Бали переваливаясь с боку на бок, пошел к входной двери. Через несколько секунд он вернулся в комнату. За ним вошел небольшого роста сутулый толстенький человечек. Его лицо было каким-то смешным и неестественным. Он был похож на какого-то мультяшного героя, что-то типа снумсмумрика или муммитроля. На круглом, в форме картошки, носе уморительно сидели круглые в черной оправе очки.

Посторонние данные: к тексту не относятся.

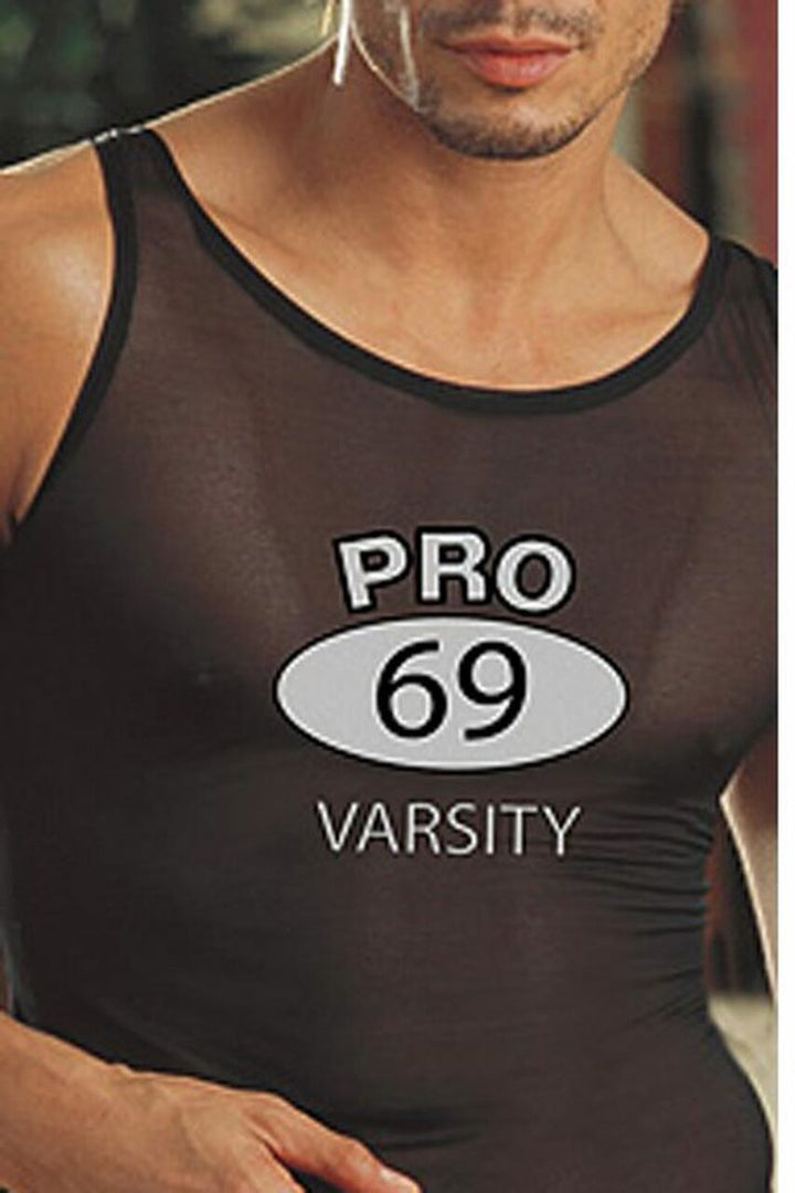 Looking for something sexy enough you can wear it all night long but still able to be warn out too? Well this sheer tank top is going to be just fine for that, with a varsity print on the front. Of course, it's only complete with the thong that goes along with it. So use this outfit for your special night and you'll be able to have a great time with that special someone while you're at it.

- Давно не виделись, ковбой. Что, опять вляпался? - высоким голосом пробормотал Кох, протягивая для рукопожатия руку.
- Можно, конечно, и так сказать, но больше вляпался вон тот малец - Лат показал рукой в сторону кровати.
Кох присел на край постели и внимательно посмотрел на ребенка.
- Рассказывайте, что произошло.
Лат коротко поведал о том, что случилось несколько часов назад.
Кох внимательно выслушал Лата, после того, как тот замолчал, он опустил голову почти до колен и обхватил ее обеими ладонями. В таком положении он просидел около минуты. Затем он резко поднялся, серьезным взглядом посмотрел на друзей и сказал:
- Ну так, валите отсюда. Мне нужно пообщаться с мальцом, один на один.
- Кох, он без сознания, как ты будешь общаться? - недоуменно сказал Лат.
- Слушай, я же не даю тебе советов - как взрывчатку делать, пистолет почистить, башку прострелить, ну и ты не лезь в мою епархию. Общаться - не обязательно разговаривать. Осмотреть мне его надо, а вы меня напрягаете. Надеюсь, ты не думаешь, что я педофил?
- Кох, ты чё, ну скажешь тоже, как в это в лужу..., я так просто спросил... - замялся Лат.
- Ну, а раз так, просто валите.
Лат и Бали вышли в прихожую и, закрыв за собой дверь, переглянулись.
Бали вытащил из кармана пачку "Парламента" и стукнул по ее дну пальцем, сигаретка словно на пружинке вылетела фильтром вверх.
- Будешь?
- Ты же знаешь, я бросил. Не совращай.
- Везучий, а я все никак.
- Сколько у тебя стаж?
- Да лет двадцать уже.
- Можешь не бросать уже, смысла нет.
- Вот и я так думаю. Слушай Лат, я знаю, ты с ментами на "Вась-Вась", ты бы узнал про бизнесмена, чего там все - таки произошло. Может у пацана родственники есть. Чего с ним делать - то теперь?
- Я попробую, хотя логика мне подсказывает, что этого делать и не надо.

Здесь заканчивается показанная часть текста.